How does smell travel? – Reflections

Why is this science?

Using several forms of representation—drawings, animation, computational simulation—the students have ideas and questions about the mechanisms by which odors travel from their source to someone’s nose. Do smells move everywhere on their own, or do they move because someone breathes in? What are smells made of? Does the act of smelling consume the pieces of odor?  They consider answers to these questions, using the representations both to communicate ideas and, for the simulation, as a runnable model of how smell might work.

As they focus more on the simulation, and on developing it as a model, they work to check it for (1) consistency with their experience, for example that smell is more intense when you are close to the source, and (2) mechanistic plausibility, for example that some piece of smell must enter the nose and be consumed.  In these ways, throughout four sessions of activity, the students are working toward understanding how smell works.  

What contributed?

There were several contributions to the group’s sustained engagement in exploring smell.

Students’ rich experiences with smell
They drew on many aspects of their experiences of smell, from how oranges smell more strongly if they are peeled to how certain substances like barbeque sauce are more “pungent” than others to how smells diminish with distance.
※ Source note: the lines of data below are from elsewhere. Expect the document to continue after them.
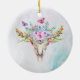 Boho Animal Skull with Butterflies and Flowers Ceramic Ornament
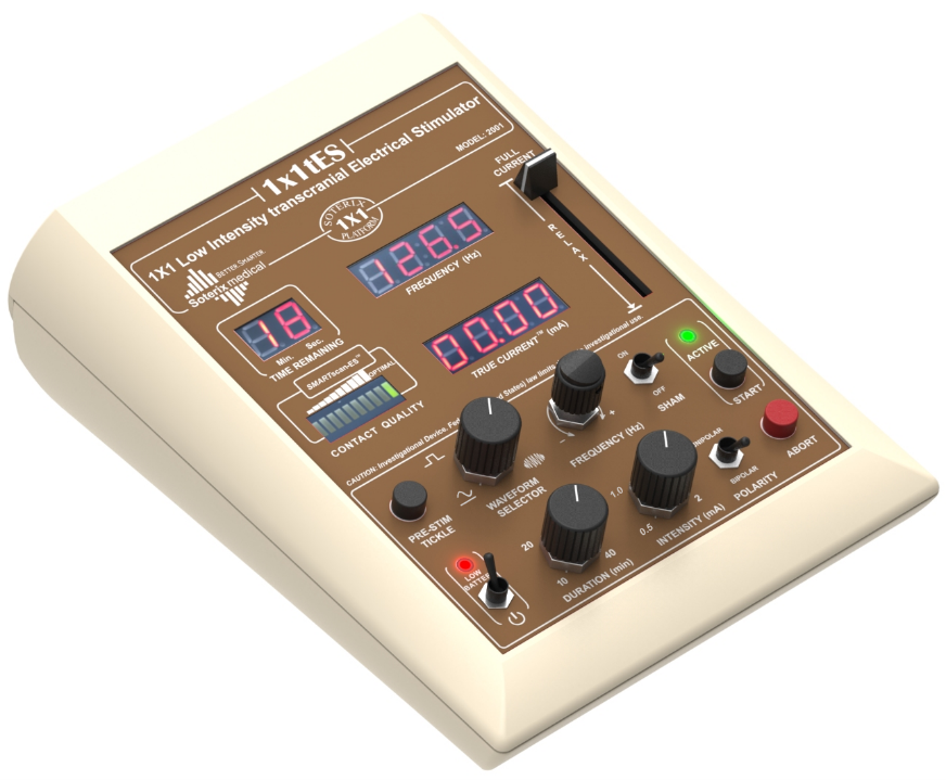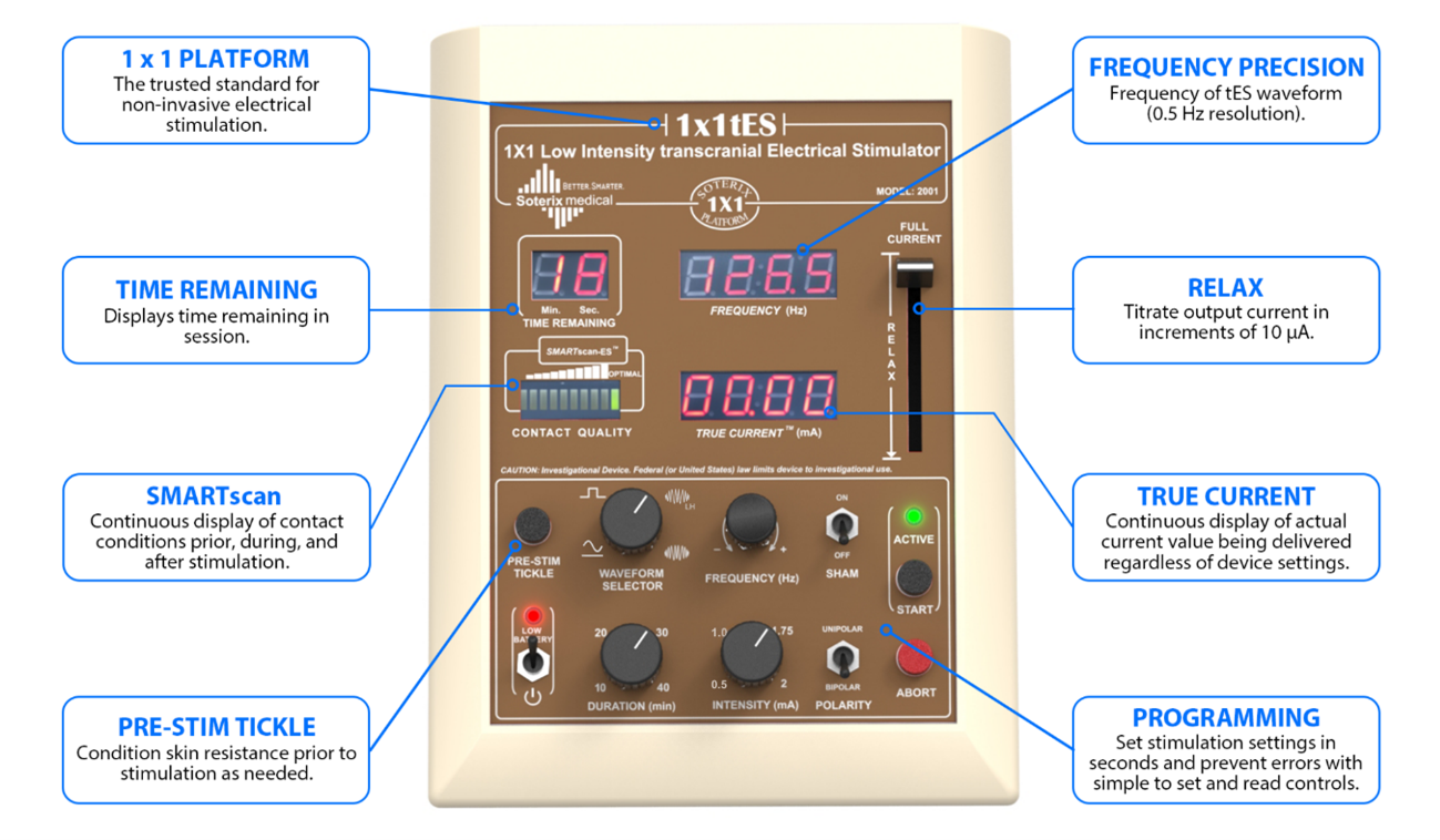 El dispositivo de estimulación eléctrica transcraneal 1×1 (1×1-tES) de Soterix Medical es el estimulador más sofisticado y preciso jamás diseñado para tDCS, tACS, tPCS y tRNS ondas conresolución a 0.5 Hz adicionada al tDCS. El 1×1 tES representa una década de diseño biomédico e industrial para crear un dispositivo que combina una flexibilidad, confiabilidad y facilidad de uso inigualables a través de características únicas de Soterix Medical y la interfaz Open-Panel™.
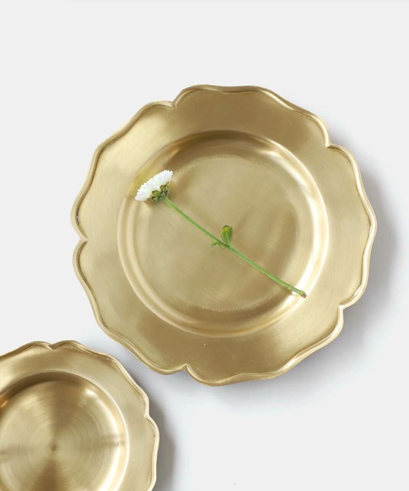 ブラストレイシリーズに美しい曲線が特徴的なデザインが仲間入り。 艶のない、少しくすんだブラスの自然な色合いで、様々なインテリアにすっと馴染み、いつもの空間がぐっとおしゃれな印象に変わります。 トレーとして、机の上や玄関の細々したものをまとめたり、キャンドルや香水、お気に入りのピアスや指輪置き場にしても。 休憩時間におやつをのせて使うのもいいですね。 サイズはSとMの2サイズ。 長く使用していると、経年変化のため色が変化する場合がございますが、商品の風合いとして、お楽しみください。
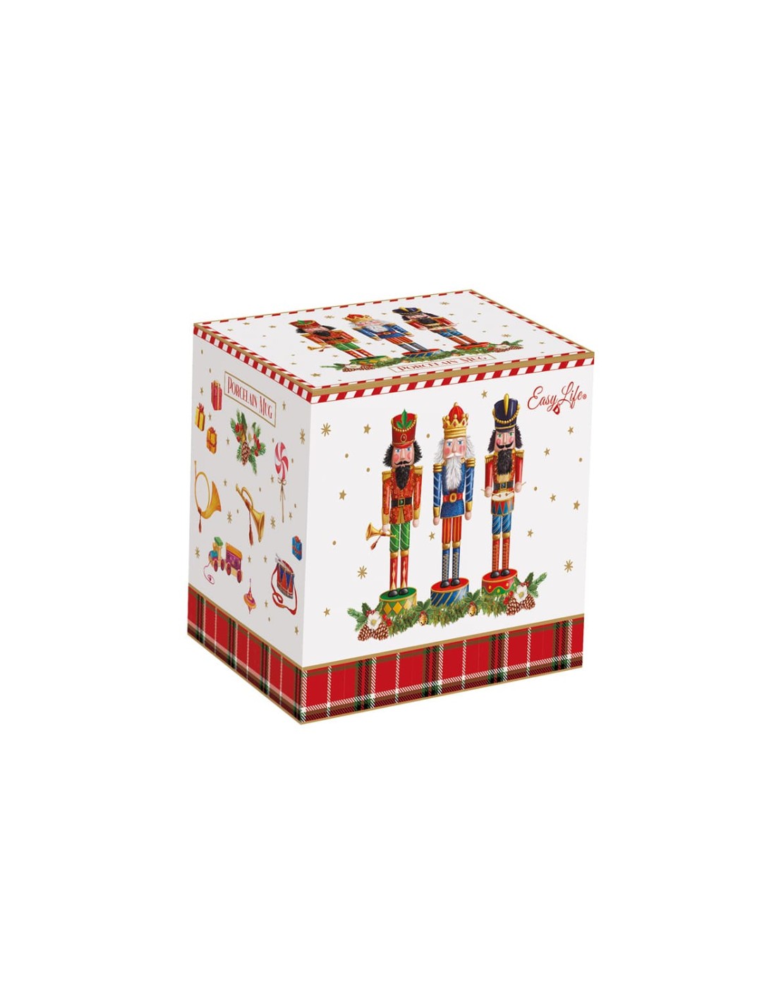 Tazza in fine porcellana della collezione Vintage Nutcracker, in scatola colorata da 350 ml. La tazza presenta alla base una fascia in tartan e tre simpatici schiaccianoci ,protagonisti del Natale.
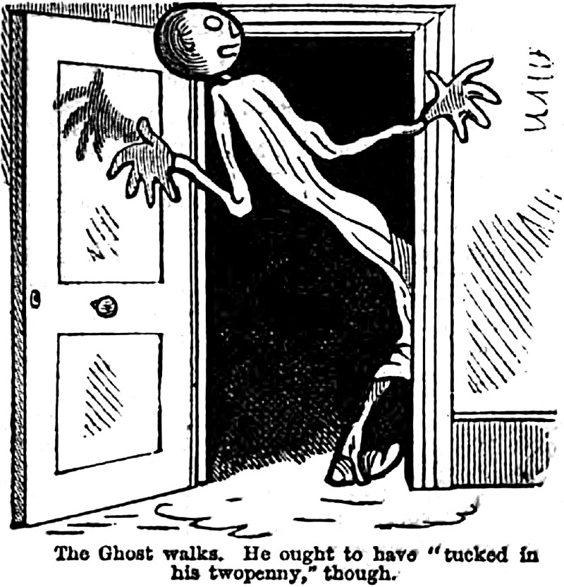 "The Ghost walks.  He ought to have 'tucked in his twopenny,' though."  From Judy, Or The London Serio-Comic Journal, 1873.
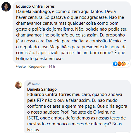 A jornalista da RTP, Daniela Santiago, fez ontem, sábado, um desabafo sobre uma reportagem do canal CMTV. Muitos foram os seguidores da jornalista que concordaram com a sua visão e desabafo. No entanto, o crítico de televisão e comentador da CMTV, Eduardo Cintra Torres, entrou no debate de ideias e a conversa acabou num bate-boca de acusações entre a jornalista da estação pública e o comentador da CMTV.
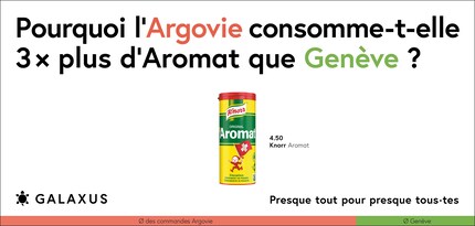 En tant qu’Argovien en exil, il y a bien sûr un sujet qui m’interpelle immédiatement : « Pourquoi l’Argovie consomme-t-elle 3 × plus d’Aromat que Genève ? » Qu’entend-on par là ?! Comment un canton suisse peut-il ne pas avoir besoin d’Aromat ou moins qu’un autre ? Devons-nous maintenant renommer le Röstigraben et le remplir d’Aromat ? Je pars en quête d’indices entre le pays des carottes et la cité de Calvin.
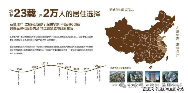 弘地地产,23载砥砺前行,深耕华东,不断开拓创新,完善品牌和服务内涵,精工匠筑城市品质生活,其足迹遍及安徽、浙江、山东等地,在安徽黄山,浙江杭州、金华、衢州共计打造了20多个标志性项目。

This knowledge helped them have and assess their ideas about how smell travels, as well as to see their roles as creators of understanding.   
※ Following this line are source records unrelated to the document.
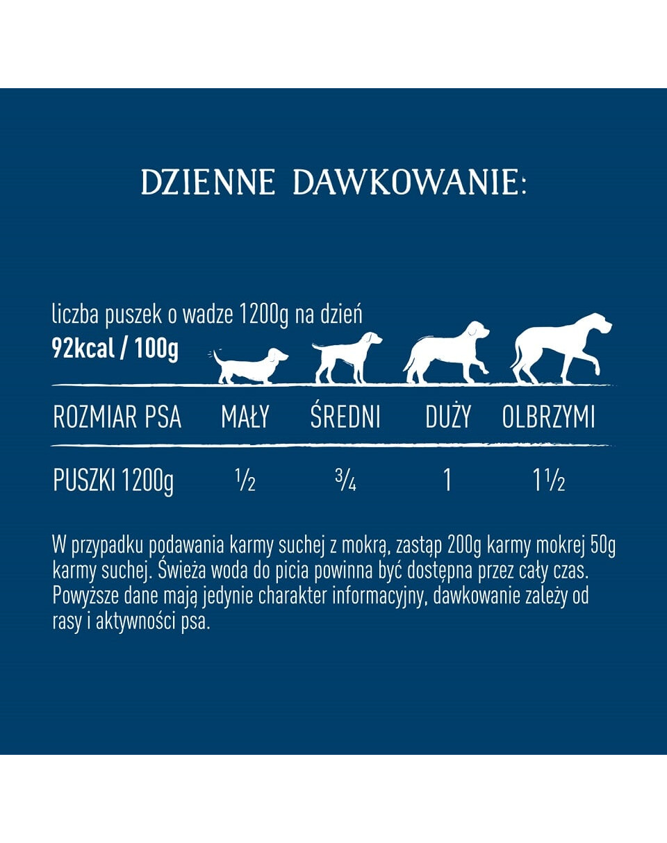 Dienos dozė (400 g skardinių skaičius per dieną) 85 kcal/100 g
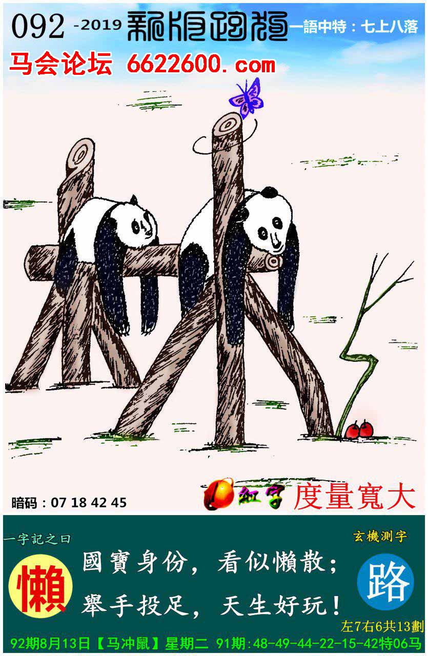 092期:新版跑狗一字記之曰【懶】玄機測字:《路》
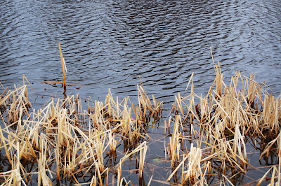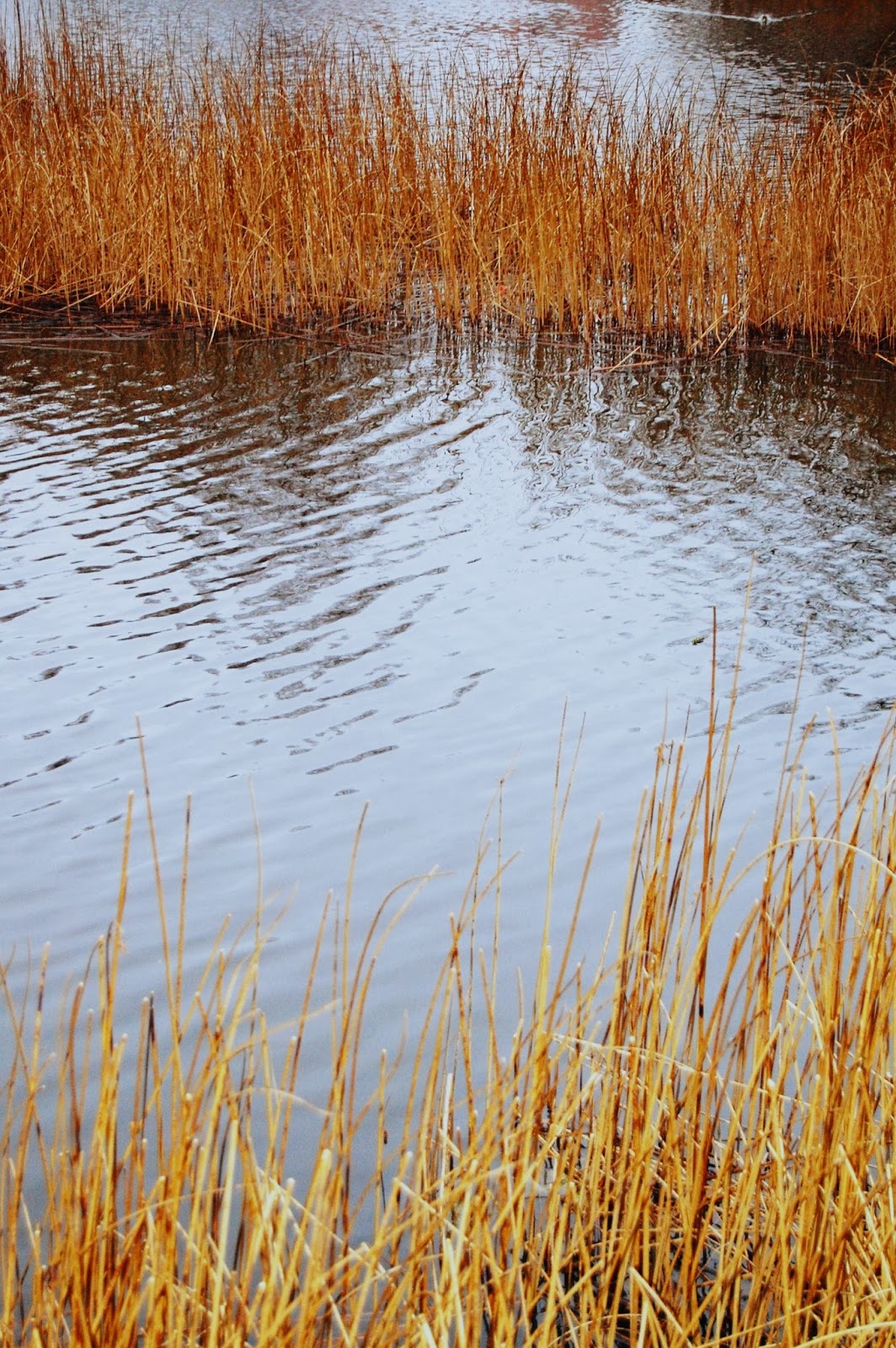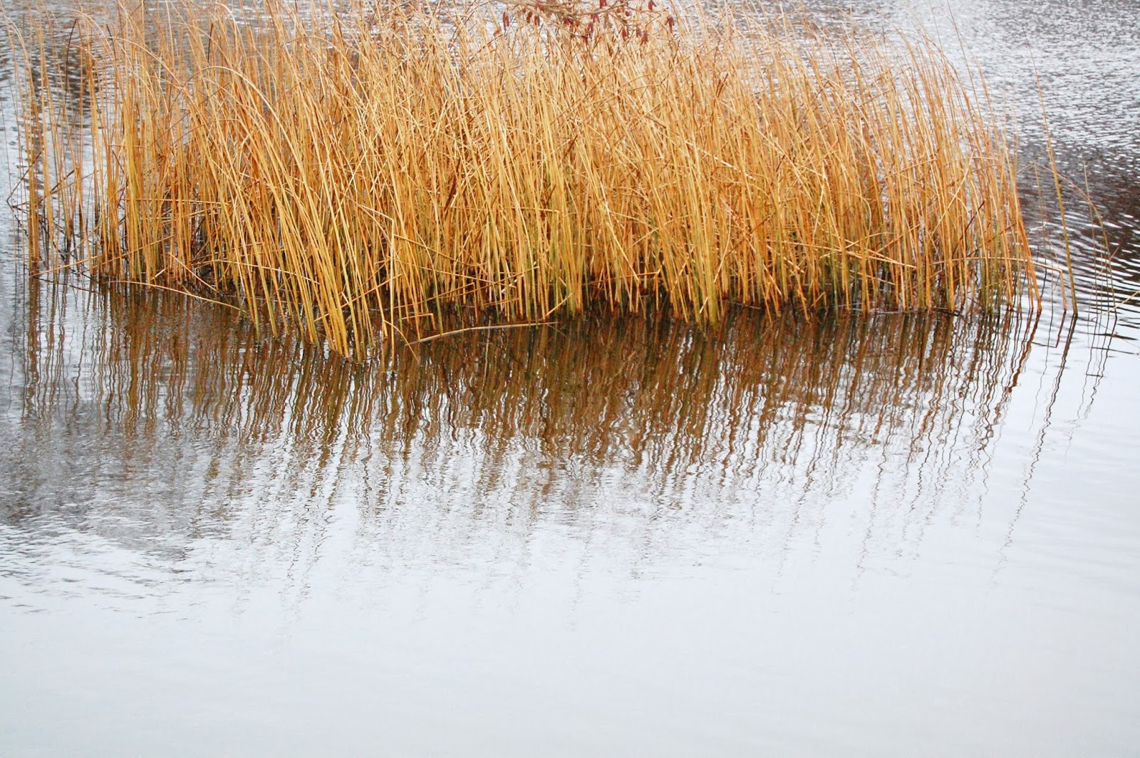 Tittar man överst i bilden, så ser man vindens tag på vattenytan och jämför det med hur lite vind, som träffar vattenytan mellan vassarna, det finns lä och skydd.

The media for drawing, animating, and programming 
All of the activity centered on the students’ drawings, stop-motion animations, and computer models, with evident consequences for their thinking.  Their initial drawings raised questions of how smell moves.  Their stop-motion animations led them to ask “what is smell made of?” and to consider that smell is comprised of individual particles, which they called “oogtoms.” Their computational model in StageCast Creator highlighted a need to understand how smell “fans out” from the orange, leading them to consider the concentration of smell particles and what happens when they come in contact with a smeller. 
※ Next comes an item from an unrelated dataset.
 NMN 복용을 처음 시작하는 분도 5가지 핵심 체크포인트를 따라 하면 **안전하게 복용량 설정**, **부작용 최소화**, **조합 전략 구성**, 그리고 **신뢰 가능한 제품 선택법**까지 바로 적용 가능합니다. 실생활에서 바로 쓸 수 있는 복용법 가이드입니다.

By design, the students began with the familiar—pens and paper—and progressed to their learning new tools. After drawing, they learned stop-action animation, which builds on the familiar act of taking pictures of creations with everyday materials. Finally, they had their first experiences with computer programming. This progression seems significant to their sustained activity: The new tools had their own appeal, and they engendered new thinking about smell.    

Playfulness
Throughout the activities, the students and facilitators approached the work with humor, both on the side of the work and within it. For example, thinking of a word for what smell is made of, the students had been thinking they should use a science work like atoms. A facilitator offered a silly sounding word from German, “dinksbumps,” which drew laughter, and the students came up with another playful word, “oogies,” which they ultimately joined in a portmanteau with atoms:  oogtoms. Simply put, they were enjoying themselves.

Facilitators’ support
This took place as part of a research project, which afforded three active facilitators working with the four students. They played strong roles throughout:

  • highlighting aspects of what they girls said and represented in media, such as noting similarities and differences between drawings;
  • encouraging the students to give names to their ideas;
  • embracing and contributing to playfulness, including in those names; 
  • and scaffolding the computational modeling, by encouraging the students to think about how smell moved one step at a time, and by programming in features that were more complex, such as the random motion of the oogtoms.